To understand what to expect next, one should look at the daily timeframe. There, we can see that the price reacted with perfect accuracy to the 38.2% Fibonacci retracement level of the entire upward move since the beginning of this year. In the same area was the Senkou Span B line. In other words, the price bounced from two significant support levels. At the moment, the pound sterling has consolidated above the Kijun-sen (critical line) and the current Senkou Span B value. Thus, the upward trend remains intact. Of course, the correction could push the price down by 100 or even 200 pips, but that would not change the overall picture.
The dollar has no trump cards—not in hand, not up its sleeve, not under the table. The U.S. currency was depreciating even when the Fed kept the rate at 4.5% and the Bank of England and the European Central Bank were cutting theirs. Now, starting in September, the Fed will resume monetary easing. Donald Trump has no intention of stopping and continues to impose tariffs, raise existing tariffs, and go through a second and third "tariff round." Even several signed trade deals still include the same tariffs. So what kind of de-escalation of the trade war can we talk about?

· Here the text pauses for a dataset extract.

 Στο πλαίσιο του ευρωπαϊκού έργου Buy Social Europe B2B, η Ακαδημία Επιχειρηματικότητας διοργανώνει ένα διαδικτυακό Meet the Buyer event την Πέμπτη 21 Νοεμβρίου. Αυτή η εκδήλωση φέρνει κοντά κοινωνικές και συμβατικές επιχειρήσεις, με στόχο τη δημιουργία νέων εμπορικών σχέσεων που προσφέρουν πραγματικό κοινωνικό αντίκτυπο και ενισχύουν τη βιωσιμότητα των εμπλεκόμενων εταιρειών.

In addition, the U.S. president interferes in many processes outside his competence. We, of course, support his desire to achieve world peace, and it does not even matter to us that Trump may be doing it for the Nobel Prize. But at the same time, how can one explain his desire to establish control over the Fed or the Bureau of Statistics? And most importantly, why? Foreign investors see this and lose interest in the American economy.
It should also be noted that America is becoming a country only for the wealthy. The poor will have to work 20 hours a day just to make ends meet. The America built by immigrants is essentially rejecting immigrants. It is unlikely anyone will want to move to the U.S. in the near future. Macroeconomic data are not shining with positivity either. GDP is growing, but the labor market is declining, inflation is rising, and business activity is falling. And most importantly, the current White House administration does not need a "strong" dollar. That is, if Trump has the chance to extend a hand to the drowning dollar, he is more likely to throw it a hundred-pound weight instead of a lifeline.

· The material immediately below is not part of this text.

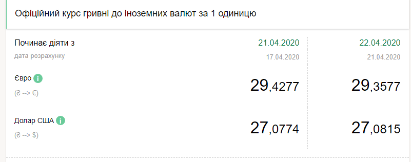 Национальный банк Украины на среду, 22 апреля, оставил практически без изменений курс гривны по отношению к доллару и на 7 копеек укрепил по отношению к евро, передает FaceNews.ua. Об этом свидетельствуют данные на сайте регулятора во вторник 21 апреля.

The average volatility of the GBP/USD pair over the past five trading days is 64 pips. For the pound/dollar pair, this is "medium-low." Therefore, on Wednesday, August 20, we expect movement within a range limited by the levels of 1.3425 and 1.3553. The long-term linear regression channel is directed upward, indicating a clear upward trend. The CCI indicator has entered the oversold area twice, warning of a resumption of the upward trend. Also, before the start of the new upward leg, several "bullish" divergences were formed.
S1 – 1.3489
S2 – 1.3428
S3 – 1.3367
R1 – 1.3550
R2 – 1.3611
R3 – 1.3672
The GBP/USD currency pair has completed another round of downward correction. In the medium term, Trump's policies are likely to continue putting pressure on the dollar. Thus, long positions with targets at 1.3611 and 1.3672 remain much more relevant if the price is above the moving average. If the price is below the moving average line, small shorts may be considered with a target of 1.3428, based purely on technical grounds. From time to time, the U.S. currency shows corrections, but for a trend-based strengthening, it needs real signs of the end of the global trade war.
Linear Regression Channels help determine the current trend. If both channels are aligned, it indicates a strong trend.

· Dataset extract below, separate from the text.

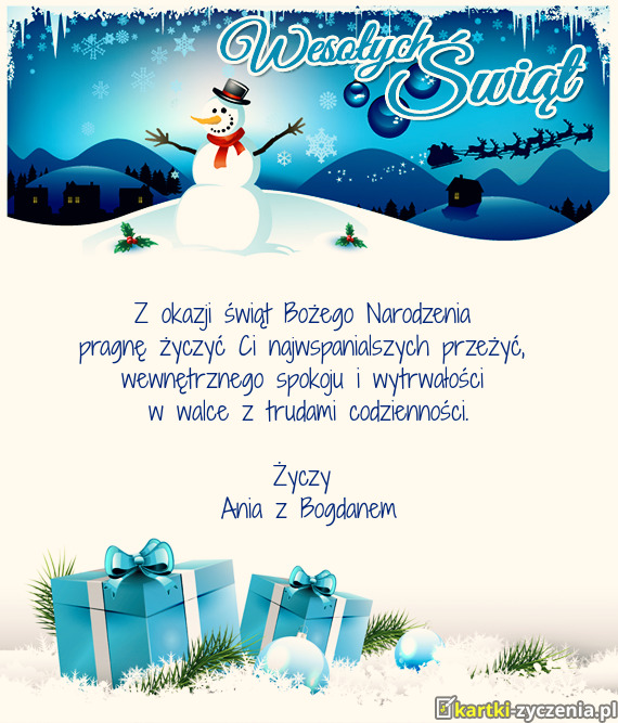 Niech ten czas będzie pełen ciepła - Gotowa Kartka bożonarodzeniowa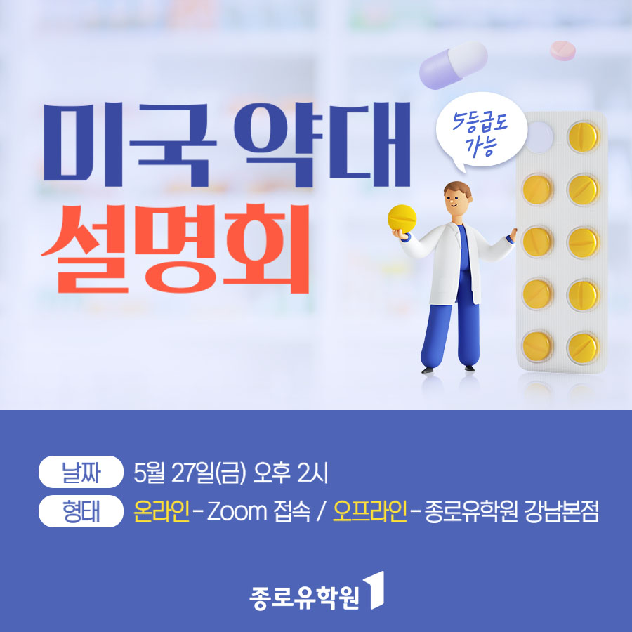 2022학년부터 국내 약대가 모두 6년제로 전환하고, 절반 이상이 수시로 선발되고 있어 입학의 문이 더욱 좁아졌다. 반면, 한국에서의 내신성적이 다소 낮아도 미국 약대로 입학이 가능하여, 약사의 꿈을 가진 학생과 학부모의 주목을 받고있다. 이러한 변화에 발맞춰, 종로유학원에서 미국 약대 설명회를 5월 27일 2시에 서울 강남 본점에서 오프라인과 온라인 동시에 진행할 예정이다.

Moving Average Line (settings: 20,0, smoothed) defines the short-term trend and guides the trading direction.
Murray Levels act as target levels for movements and corrections.
Volatility Levels (red lines) represent the likely price range for the pair over the next 24 hours based on current volatility readings.
CCI Indicator: If it enters the oversold region (below -250) or overbought region (above +250), it signals an impending trend reversal in the opposite direction.